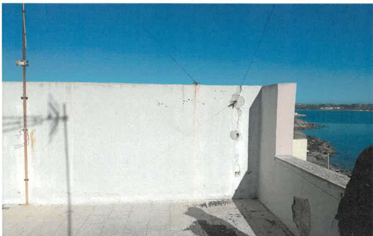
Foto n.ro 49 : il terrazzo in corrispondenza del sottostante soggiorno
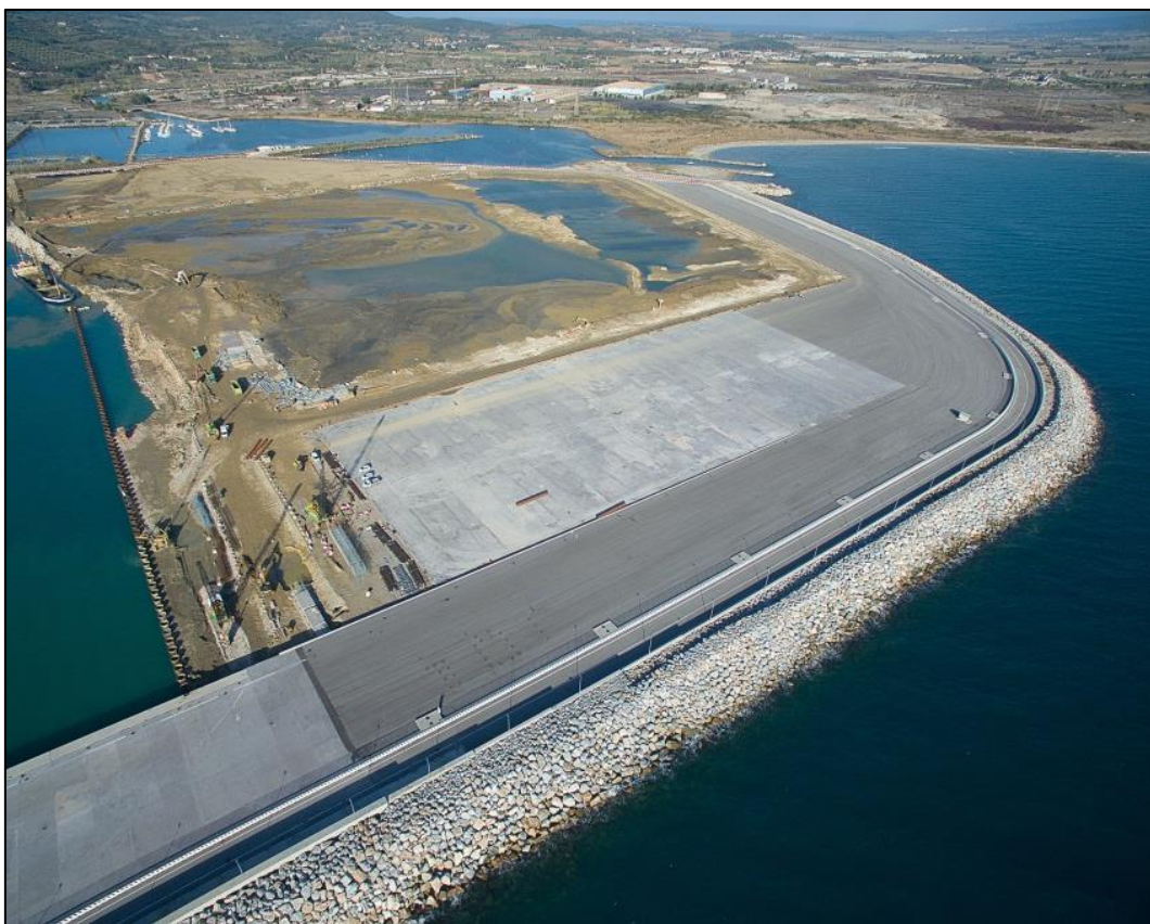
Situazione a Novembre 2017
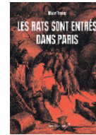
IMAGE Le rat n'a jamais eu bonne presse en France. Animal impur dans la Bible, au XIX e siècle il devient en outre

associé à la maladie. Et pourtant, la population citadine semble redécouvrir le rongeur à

* * *

* [TASK REQUIREMENTS]
Give back the lines word for word, from the very first in the material above to the one that has "IMAGE Le rat", both included, without the pictures.

* [PROBLEM SOLUTION]
Foto n.ro 49 : il terrazzo in corrispondenza del sottostante soggiorno
Situazione a Novembre 2017
IMAGE Le rat n'a jamais eu bonne presse en France. Animal impur dans la Bible, au XIX e siècle il devient en outre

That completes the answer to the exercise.